#### [Try it]
Write out every record below exactly, leaving the pictures out.

Recorded data:
# # # #

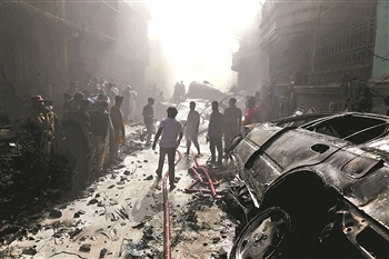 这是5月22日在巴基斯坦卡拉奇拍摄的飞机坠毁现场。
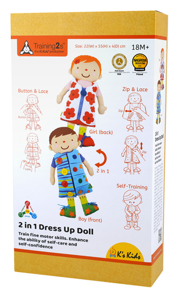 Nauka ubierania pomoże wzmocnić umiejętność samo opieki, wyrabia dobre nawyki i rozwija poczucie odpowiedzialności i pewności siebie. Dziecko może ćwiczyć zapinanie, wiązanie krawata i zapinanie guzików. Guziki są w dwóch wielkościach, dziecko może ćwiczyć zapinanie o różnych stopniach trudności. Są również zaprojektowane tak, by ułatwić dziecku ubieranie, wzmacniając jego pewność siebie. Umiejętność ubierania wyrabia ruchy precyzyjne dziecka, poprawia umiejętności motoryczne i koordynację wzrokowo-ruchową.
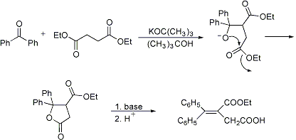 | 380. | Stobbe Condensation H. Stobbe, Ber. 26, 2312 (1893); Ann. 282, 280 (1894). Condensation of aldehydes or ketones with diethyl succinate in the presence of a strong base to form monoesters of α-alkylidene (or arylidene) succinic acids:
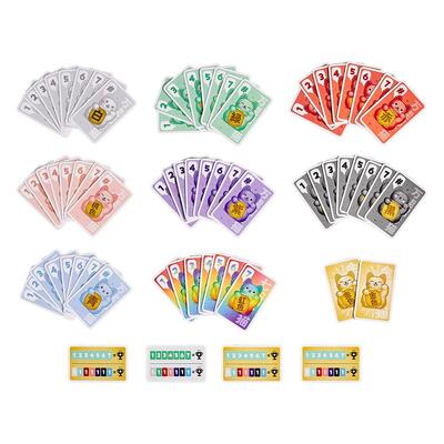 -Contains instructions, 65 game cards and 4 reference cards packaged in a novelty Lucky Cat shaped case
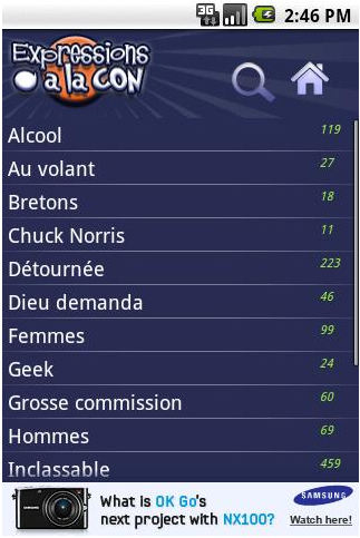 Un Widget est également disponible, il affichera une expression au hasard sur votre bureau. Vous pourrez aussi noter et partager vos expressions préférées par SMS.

# # # #

#### [Output of the exercise]
 这是5月22日在巴基斯坦卡拉奇拍摄的飞机坠毁现场。
 Nauka ubierania pomoże wzmocnić umiejętność samo opieki, wyrabia dobre nawyki i rozwija poczucie odpowiedzialności i pewności siebie. Dziecko może ćwiczyć zapinanie, wiązanie krawata i zapinanie guzików. Guziki są w dwóch wielkościach, dziecko może ćwiczyć zapinanie o różnych stopniach trudności. Są również zaprojektowane tak, by ułatwić dziecku ubieranie, wzmacniając jego pewność siebie. Umiejętność ubierania wyrabia ruchy precyzyjne dziecka, poprawia umiejętności motoryczne i koordynację wzrokowo-ruchową.
 | 380. | Stobbe Condensation H. Stobbe, Ber. 26, 2312 (1893); Ann. 282, 280 (1894). Condensation of aldehydes or ketones with diethyl succinate in the presence of a strong base to form monoesters of α-alkylidene (or arylidene) succinic acids:
 -Contains instructions, 65 game cards and 4 reference cards packaged in a novelty Lucky Cat shaped case
 Un Widget est également disponible, il affichera une expression au hasard sur votre bureau. Vous pourrez aussi noter et partager vos expressions préférées par SMS.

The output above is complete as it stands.